Today, the Campaign Finance Institute released a new study analyzing the potential impact if New York state reforms its campaign finance legislation to include tighter contribution limits, a ban on limited-liability companies (LLCs) from making contributions, and a small donor matching fund program modeled on the one in New York City. The Institute concludes that “[l]owering the contribution limits, closing the LLC loophole, and instituting a system of matching funds, would in fact substantially increase the importance of small donors to candidates across the board while decreasing their dependence on large donors.”

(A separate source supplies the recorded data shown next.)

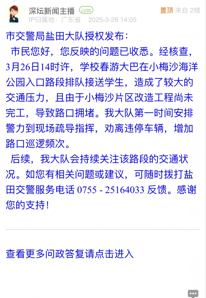 市民您好,您反映的問題已收悉。經(jīng)核查,3月26日14時許,學(xué)校春游大巴在小梅沙海洋公園入口路段排隊接送學(xué)生,造成了較大的交通壓力,且由于小梅沙片區(qū)改造工程尚未完工,導(dǎo)致路口擁堵。我大隊第一時間安排警力到現(xiàn)場疏導(dǎo)指揮,勸離違停車輛,增加路口巡邏頻次。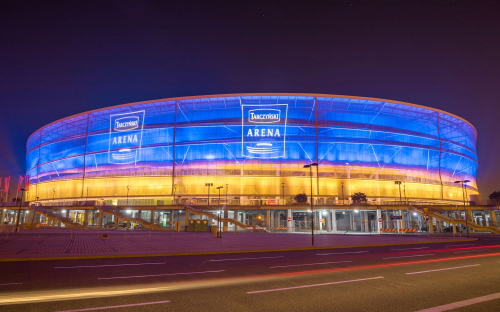 Solidarność z Ukrainą wyraża również sponsorowana przez firmę Tarczyński Arena Wrocław. Membrana stadionu została podświetlona w narodowych żółto-niebieskich barwach.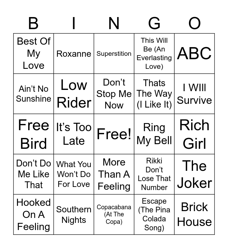 This bingo card has a free space and 25 words: What You Won’t Do For Love, Copacabana (At The Copa), Don’t Stop Me Now, Hooked On A Feeling, ABC, Best Of My Love, Ain’t No Sunshine, Roxanne, Ring My Bell, More Than A Feeling, Thats The Way (I Like It), Free Bird, Rikki Don’t Lose That Number, The Joker, Low Rider, Sweet Home Alabama, Rich Girl, Superstition, I WIll Survive, It’s Too Late, Brick House, Southern Nights, Don’t Do Me Like That, This Will Be (An Everlasting Love) and Escape (The Pina Colada Song).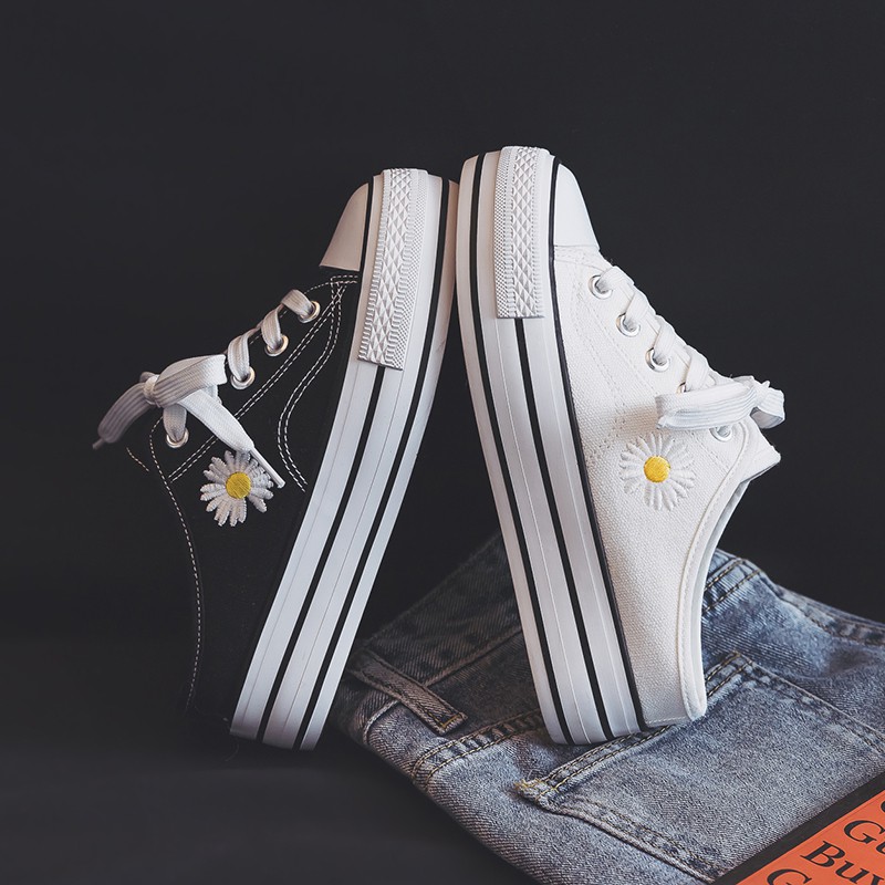 Giày sục nữ thể thao đạp gót thêu hoa cúc độn đế 5cm siêu đẹp hot 2021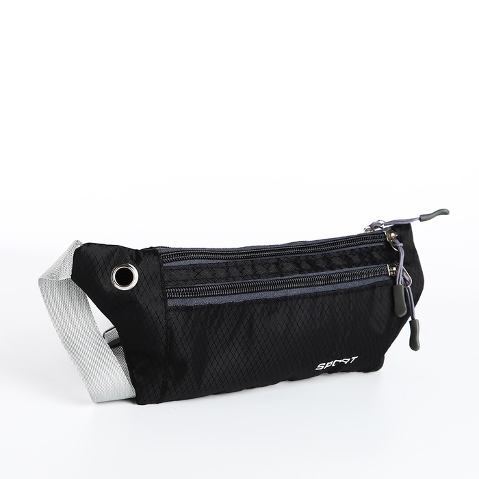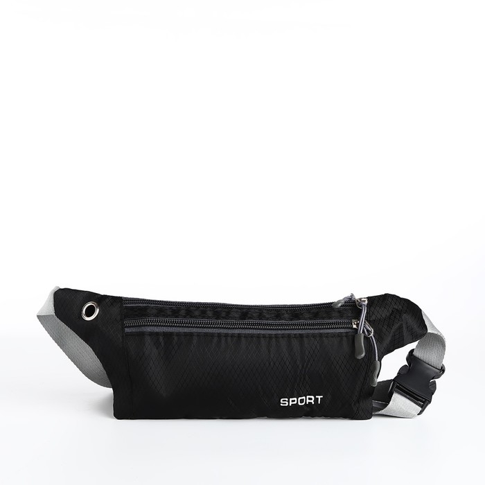 Поясная сумка на молнии, с карманом, разъем для USB, чёрный

That conclusion is similar to the impact of Seattle’s democracy voucher program, passed by voter initiative in 2015 and first used in the 2017 city council election. Our empirical analysis of the Seattle program shows an additional benefit: decreased candidate dependence on non-resident donors. As we showed in our report The Impact of Seattle’s Democracy Voucher Program on Candidates’ Ability to Rely on Constituents for Fundraising, before the voucher program (and after it, for candidates who did not participate in the program) Seattle candidates were dependent on out-of-town donors for about 30% of their funds. With the voucher program, candidates received only 2-12% of their funds from non-resident donors. (Unfortunately, Seattle’s voucher program has been challenged by opponents of campaign finance reform. Free Speech For People, along with Demos and local partners, is helping to defend the program in court.) In other words, boosting the influence of small donors while limiting the influence of big money can help improve both political equality and democratic self-government.